*** Begin section ***

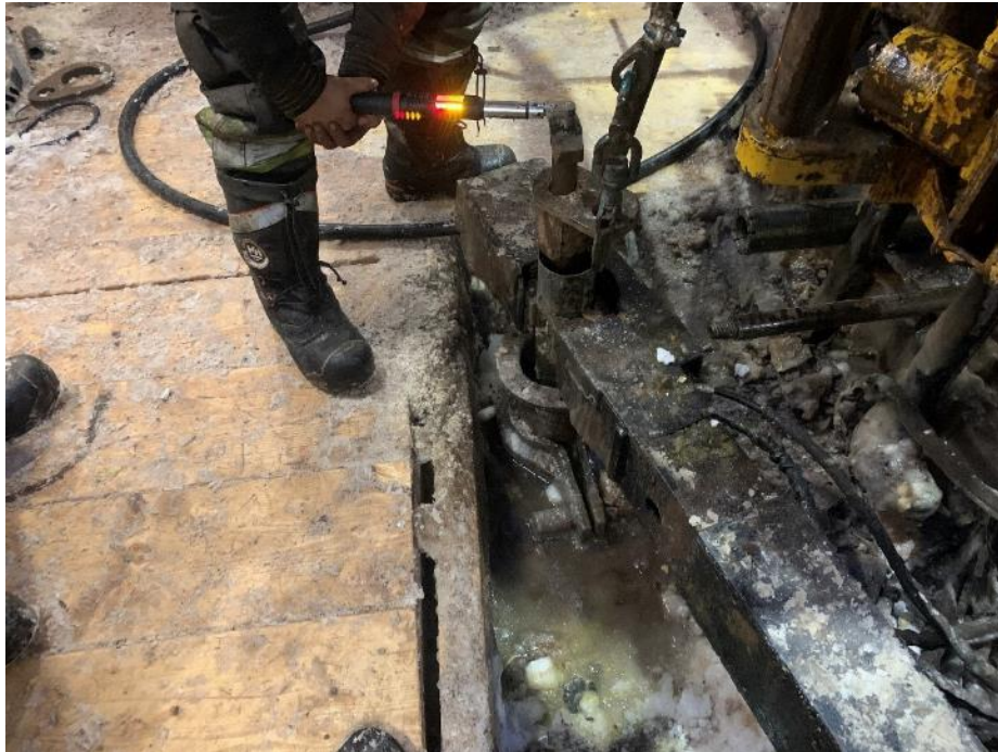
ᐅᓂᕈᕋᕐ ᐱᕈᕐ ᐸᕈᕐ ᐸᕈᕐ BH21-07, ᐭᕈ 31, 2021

*** End section ***
*** Begin section ***

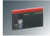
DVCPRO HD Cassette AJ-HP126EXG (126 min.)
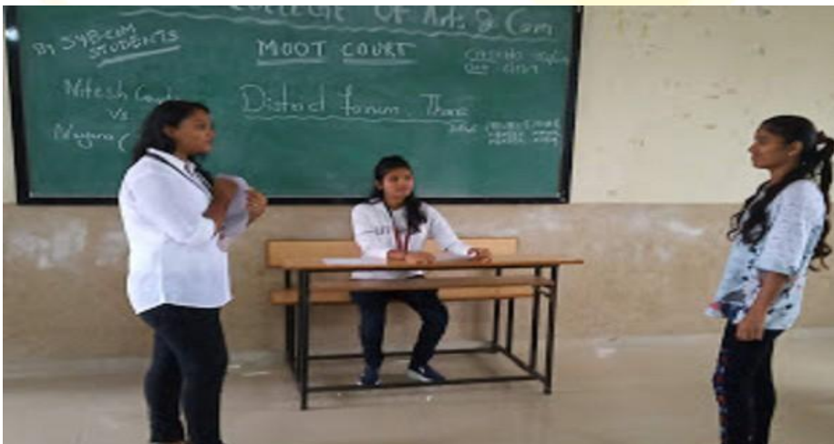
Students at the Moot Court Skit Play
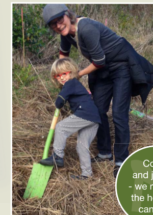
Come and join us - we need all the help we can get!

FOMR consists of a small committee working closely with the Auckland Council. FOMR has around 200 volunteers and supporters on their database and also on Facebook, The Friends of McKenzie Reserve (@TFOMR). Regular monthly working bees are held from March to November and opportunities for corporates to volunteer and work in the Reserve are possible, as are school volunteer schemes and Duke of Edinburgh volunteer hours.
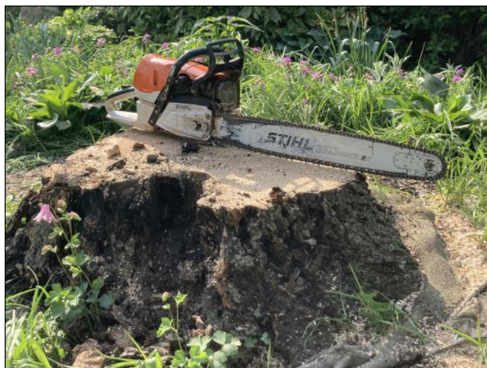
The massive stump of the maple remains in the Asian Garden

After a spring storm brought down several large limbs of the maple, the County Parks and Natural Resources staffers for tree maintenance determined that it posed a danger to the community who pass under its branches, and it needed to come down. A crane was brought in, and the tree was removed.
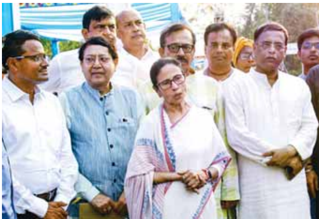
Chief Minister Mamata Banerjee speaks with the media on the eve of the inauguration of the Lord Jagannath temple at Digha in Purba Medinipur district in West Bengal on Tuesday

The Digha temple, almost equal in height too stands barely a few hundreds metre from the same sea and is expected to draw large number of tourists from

*** End section ***
*** Begin section ***

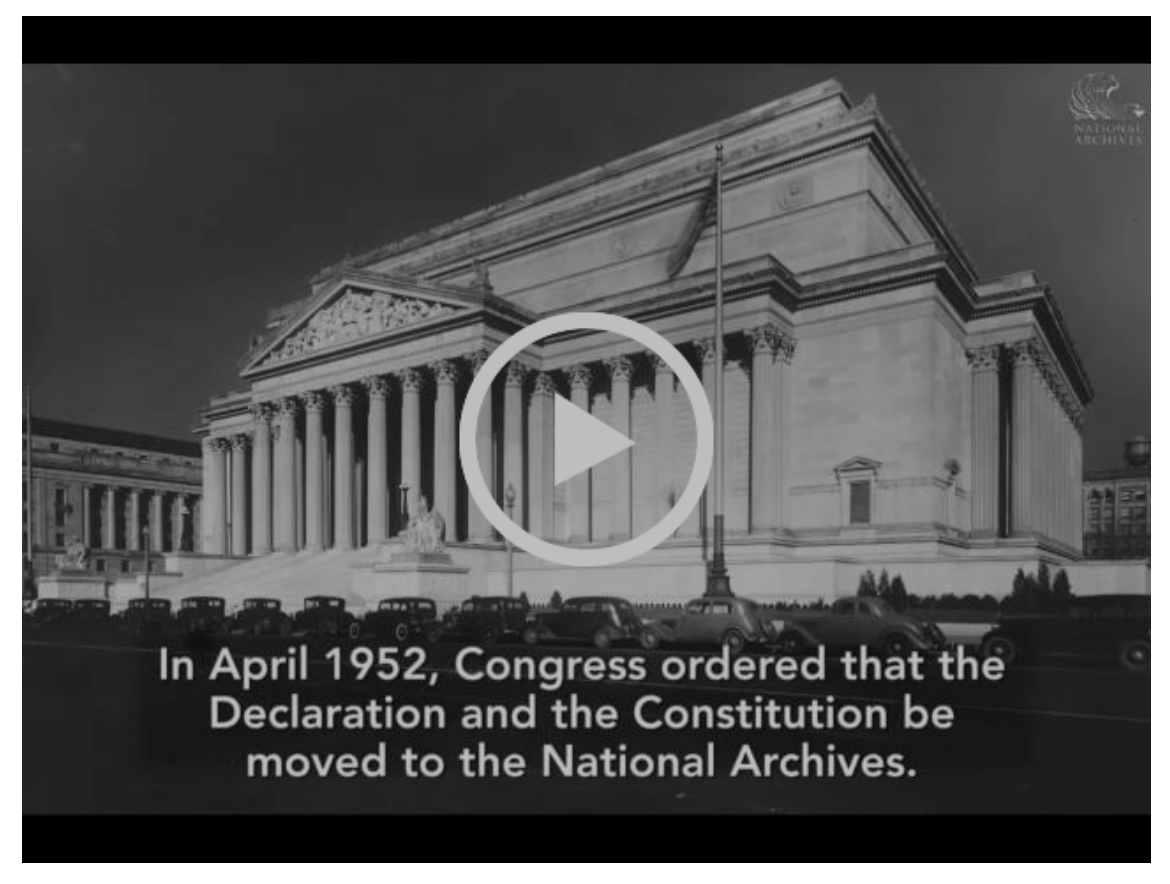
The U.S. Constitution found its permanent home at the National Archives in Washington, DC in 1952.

*** End section ***

Where a line in the listing above holds the string "temple", include it in your count, and answer with the number alone.

> _WRITTEN ANSWER_
2